CMBS prices are holding firm as dealers shop three CMBS deals totaling $3.22 billion, each with distinct loan underwriting characteristics and collateral quality. The three conduit offerings are a $1.1-billion deal by Deutsche Bank, Cantor Fitzgerald, KeyBank and Liberty Island (COMM 2013-CCRE13); a $1-billion issue by Wells Fargo, RBS, Liberty Island, Basis Real Estate Capital, National Cooperative Bank, UBS and C-III Commercial Mortgage (WFRBS 2013-C18); and a $1.1-billion transaction by JPMorgan, Barclays, GE Capital, Redwood Trust and RAIT Financial (JPMBB 2013-C17).
The Wells-RBS transaction has arguably the best underwriting characteristics and high collateral quality. The loan pool consists of 67 loans secured by 73 properties with a weighted average loan-to-value (LTV) of 54.4% and a weighted average Net Cash Flow Debt Service Coverage (NCF DSCR) of 2.48x. The loan pool NCF Debt Yield is 13.8%.
The Deutsche Bank-Cantor deal also provides good loan metrics. The loan pool consists of 53 loans secured by 73 properties with a weighted average LTV of 60.8% and a weighted average NCF DSCR of 2.10x. The loan pool NCF Debt Yield is 12.7%.

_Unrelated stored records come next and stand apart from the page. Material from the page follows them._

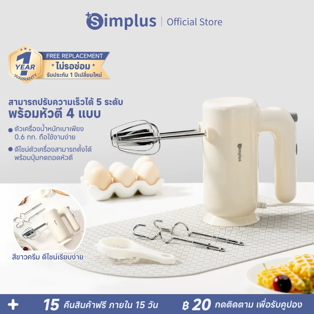 Simplus Mixer DCJH001 เป็นเครื่องผสมอาหารอเนกประสงค์ ใช้ผสมแป้ง ขนมและอาหารได้หลากหลาย มีหัวผสมหลายแบบ ชามขนาดใหญ่ เหมาะสำหรับทำขนมและอาหารที่บ้าน สะดวก ปลอดภัย และง่ายต่อการทำความสะอาด
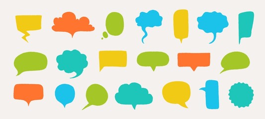 Hand drawn speech bubbles. Doodle text shapes elements with rough edges and noisy grunge texture. Vector illustration isolated set abstract gossip comment tag
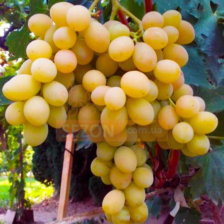 Грозди крупные, в среднем по 600 г, удлинённой формы, умеренно рыхлые, часто с характерным крылом. Ягоды крупные — до 6 г, овальные с лёгким заострением на конце. Окраска — жёлто-зелёная, кожура тонкая, но прочная. Мякоть плотная, сочная, с гармоничным вкусом и лёгким мускатным оттенком. Сорт не содержит семян, что делает его особенно удобным в употреблении.
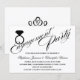 © Designs socialites. Notre belle écriture / calligraphie texte de la partie d'engagement, avec le texte noir sur l'arrière - plan blanc, et l'élément de conception de bague de diamant ajoutent une touche d'élégance simple à cette invitation de la partie d'engagement. Remplacez facilement notre texte modèle par vos informations spéciales. L'anneau de diamant peut être redimensionné, déplacé ou supprimé pour vous convenir.
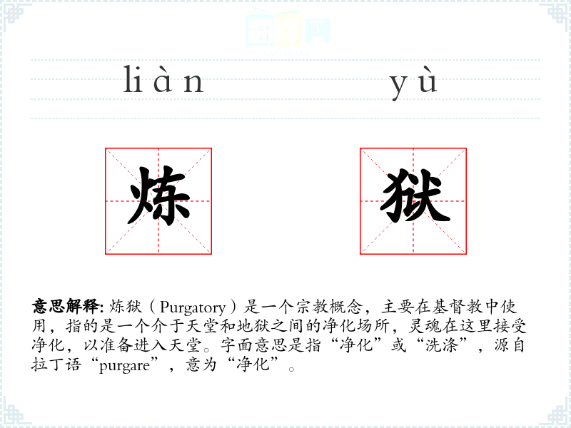 炼狱(Purgatory)是一个概念,主要在教中使用,指的是一个介于天堂和地狱之间的净化场所,灵魂在这里接受净化,以准备进入天堂。字面意思是指“净化”或“洗涤”,源自拉丁语“purgare”,意为“净化”。
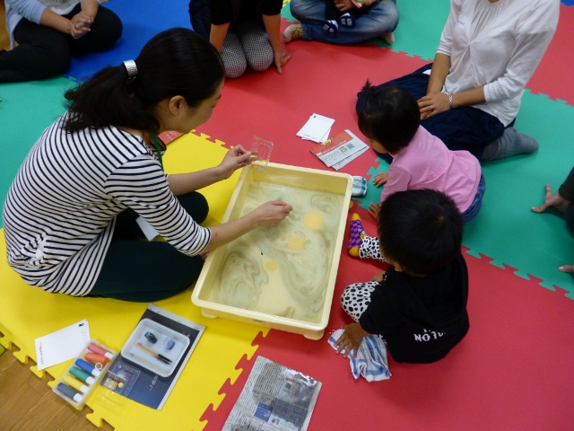 お水に墨汁やインクを流して、ハガキに写し取って遊びました。どんどん広がる模様。とっても不思議です。はじめは少し緊張気味の子どもたちも、時間が過ぎていくと、自分たちでインクを流してみたり、お水からハガキを救い出してくれたり、どんどん興味が出てきたようです。

“We look for NCF DSCR of more than 2.0x and NCF Debt Yield of more than 12.0% when sourcing CMBS for our portfolio,” noted Jim Brett, head of CMBS analytics at ValueXpress. “Both of these deals hit the mark.”
The JPMorgan deal was more aggressively underwritten than the Wells-RBS and Deutsche Bank-Cantor deals. The JPMorgan pool consists of 64 loans secured by 72 properties with a weighted average LTV of 66.3% and a weighted average NCF DSCR of 1.49x. The loan pool NCF Debt Yield is 10.3%.
The Deutsche Bank-Cantor deal priced the deal’s long-term, super-senior bonds on Friday with a spread of 93 basis points (bp) over swaps, in line with recent offerings. The RBS-Wells and JPMorgan bonds were being marketed at the same levels; market participants were finding very strong demand for the RBS-Wells deal.